Quando todos são eruditos, não há mais erudição.
Quando todos já foram educados, a educação torna-se uma
tarefa ordinária. E então? Que fazer do tempo livre? Uma
parte fundamental e culta da humanidade continua a viver na
ilusão da sociedade perfeita. A outra, mastiga o pasto
servido pela mídia, que conhece cada vez mais as
preferências dos consumidores, e sente-se feliz por
enganar, durante algumas horas, a fatalidade do enfado. O
entretenimento não é um mal necessário, mas o vírus
salvador da era massificada do tédio. Delírio, absurdo,
falsa teoria? Possivelmente. A exemplo de todas as outras,
que tudo explicam e nada esclarecem. A teoria é o reino da
doxa. Nada mais.
Apenas um exemplo. Os escritores escrevem para que os
jornalistas os julguem. Estes, formados por professores
pertencentes a alguma linha teórica, legitimam o que
corresponde à matriz que carregam na mente e rejeitam tudo
o que contesta essa grade. Últimos herdeiros do
positivismo, os jornalistas acreditam ainda em verdades
científicas, pré-popperianas, e contestam em nome da
ciência tudo o que esta nega. Teoria, quer-se uma para
viver... Mas o sonho jornalístico de algo para além do
entretenimento pressupõe uma esfera superior da condição
humana. Neste ponto, Jean Baudrillard entra em cena. Por
que pôr no lugar do vazio uma esperança religiosa?

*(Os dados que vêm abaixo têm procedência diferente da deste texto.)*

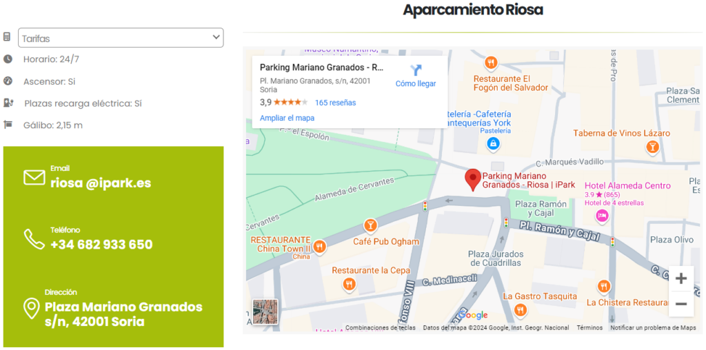 Si quieres dejar el coche en un parking, existe uno a solo 100 metros del piso. Es amplio, práctico y vigilado, situado en el centro de la ciudad, con una salida al lado de las calles peatonales. Las entradas y salidas son cómodas y las plazas no son estrechas como en muchos otros. Tiene cargadores para coches eléctricos de 3,5 w (enchufes normales) y 7 w (carga más rápida).

Implacável, Jean Baudrillard não deixa ninguém
indiferente ao pensamento devastador que dissemina como um
vírus do mal necessário contra a hipocrisia do bem
castrador. Apocalíptico para uns, reacionário para outros,
herdeiro da Escola de Frankfurt, segundo os mais
delirantes, o sociólogo francês é antes de tudo um
extraordinário franco-atirador. Numa época de
«politicamente correto», Baudrillard escolheu estar na
contramão das teorias críticas para examinar os «fenômenos
extremos» com a força da ironia.
Tentar entender o novo com ajuda de velhas categorias,
de resto, é o caminho mais curto para a recusa. No outono
da modernidade, a busca do paraíso perdido da produção de
sentido transforma-se, com freqüência, em ressentimento
contra a circulação desenfreada de signos. A explosão
tecnológica possibilita relações que escapam ao controle
concreto das autoridades governamentais e à dominação
teórica tradicional dos intelectuais. Sob os escombros
conceituais do passado, em estado de penúria analítica,
jazem os instrumentos que deveriam iluminar o futuro e
fundar o amanhã da harmonia.
A lógica comunicacional moderna deveria produzir
sentido. Às ciências humanas, caberia descobrir o Sentido
da História. Ora, Jean Baudrillard, em seu delírio
filosófico iconoclasta, aponta para a entrada na era da
irrealidade, estádio viral da circulação sígnica, no qual
«o valor irradia em todas as direções, em todos os
interstícios, sem referência ao que quer que seja, por pura
contigüidade »4. Não é apenas a referência do signo que se
perde, mas também a capacidade última de decifração do
objeto pelas ciências. A certeza cede lugar à incerteza e
pode-se « substituer enfin à l’éternelle théorie critique
une théorie ironique »5.
O primeiro grau dessa « teoria irônica » poderia ser a
lei da refutação universal, segundo a qual toda a tese
nasce para ser invalidada, cujo núcleo desvela o ápice da
vertigem da reflexão: o saber nasce para a negação do
outro. O saber é signo em circulação. Realidade e ficção
entrelaçam-se. A construção imaginal de teorias torna-se um
exercício estético sustentado por evidências razoáveis. De
onde, a possibilidade do cruzamento total, o
estabelecimento fictício de axiomas (premissas admitidas
4 BAUDRILLARD, Jean. A transparência do mal - ensaio sobre os fenômenos
extremos. Campinas, Papirus, 1990, p. 11. 5 ___ Les stratégies fatales. Paris, Grasset, 1983, p.101.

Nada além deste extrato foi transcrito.